Through these ablation experiments, we can gain insight into the relative importance of each component in our proposed model and the effectiveness of our design choices. Table 5 depicts the results of our ablation experiments on the two benchmark datasets, highlighting the superior performance of MSGNN-DTA over all other variants. Particularly noteworthy is the considerable performance gap between MSGNN-DTA and the other variants when the attention mechanism is not employed. This finding highlights the crucial role of attention in our model, as it permits the discerning integration of critical information during the feature aggregation process. Furthermore, we observe that the absence of motif-level results in comparatively poorer performance than MSGNN-DTA, emphasizing the importance of learning drug features from diverse perspectives and exploiting the topological information of drugs more comprehensively. Lastly, we note that the gated skip-connection mechanism can selectively preserve the features of different scales, resulting in further improvements in prediction performance.

Table 5.

Performance comparison of ablation experiments.

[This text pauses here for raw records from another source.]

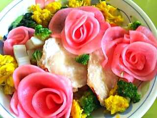 白大根に1割の紅芯大根を加えた甘酢漬けと
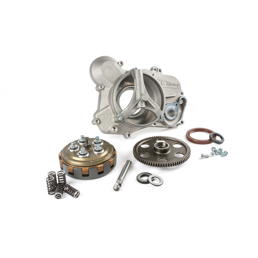 This dry clutch for Derbi can be used on racing setups from 50cc to 100cc. It consists of all parts necessary for assembly and can be mounted without any further adjustments:
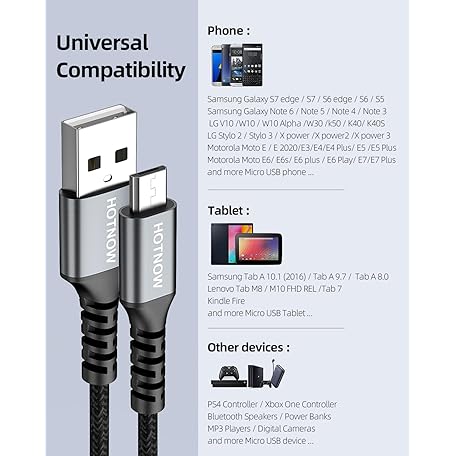 Thông tin sản phẩm HOTNOW Micro USB Cable 3ft 2Pack, Android Charger Cable USB2.0 Data sync and Fast Charging Nylon Braided Cord for Samsung Galaxy S6 S7, HTC, LG, Sony, PS4, MP3, Tablet and More Micro Devices
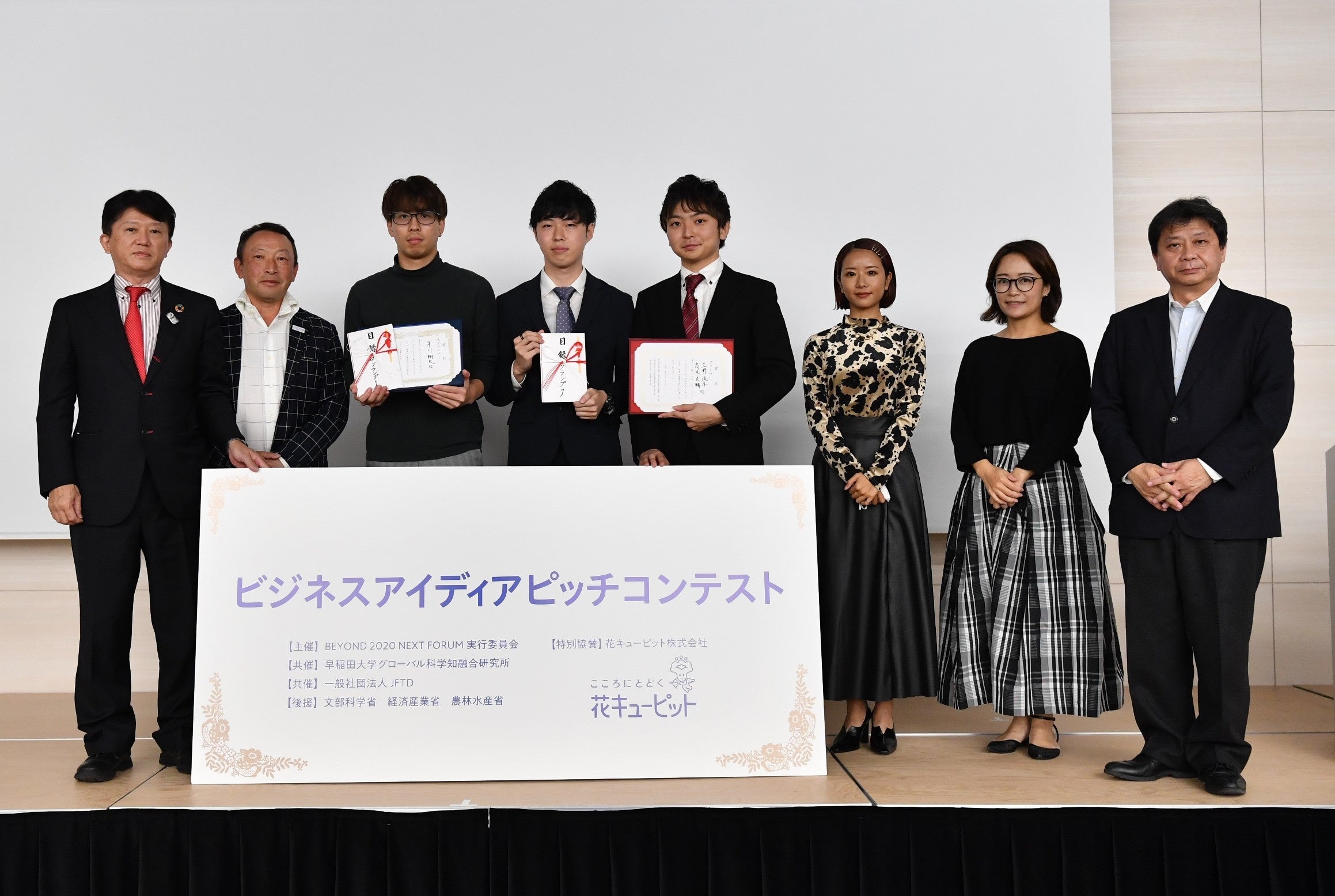 本プロジェクトは、2020年度にJFTD花キューピットが、BEYOND 2020 NEXT FORUM実行委員会および早稲田大学グローバル科学知融合研究所と共催した「ビジネスアイディアピッチコンテスト」(後援:文部科学省・経済産業省・農林水産省、特別協賛:花キューピット株式会社)がきっかけで発足したものです。
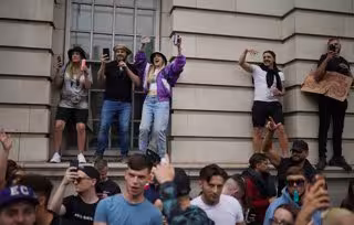 27 June 2021, United Kingdom, London: People gather in Whitehall Street during a #FreedomToDance march organised by Save Our Scene, in protest of the government's perceived disregard for the live music industry throughout the coronavirus pandemic. Photo

Dataset Variants MSE ↓ CI ↑ rm2 Pearson ↑
Davis Without Motif-Level 0.200 0.903 0.715 0.867
Without Skip-Connection 0.201 0.903 0.728 0.866
Without Attension 0.203 0.897 0.709 0.865
MSGNN-DTA 0.195 0.906 0.719 0.871
KIBA Without Motif-Level 0.123 0.905 0.790 0.906
Without Skip-Connection 0.122 0.904 0.788 0.906
Without Attension 0.124 0.906 0.808 0.905
MSGNN-DTA 0.117 0.908 0.818 0.910

Note: Bold indicates the best result of the evaluation metrics.

2.6. Case Study

To evaluate the generalization capability of our model, we conducted experiments on a set of FDA-approved drug candidates from the DrugBank [33] database, excluding those contained in the KIBA dataset and retaining 2092 drug candidates. Subsequently, we selected a specific protein, epidermal growth factor receptor (EGFR), which is known to be associated with various types of cancer and is a popular target for cancer therapy. Among the 2092 candidates, 9 are known to have interactions with EGFR. We used the trained model on the KIBA dataset to calculate the interaction scores between all of the drug candidates with EGFR, ranked in descending order of scores for further analysis.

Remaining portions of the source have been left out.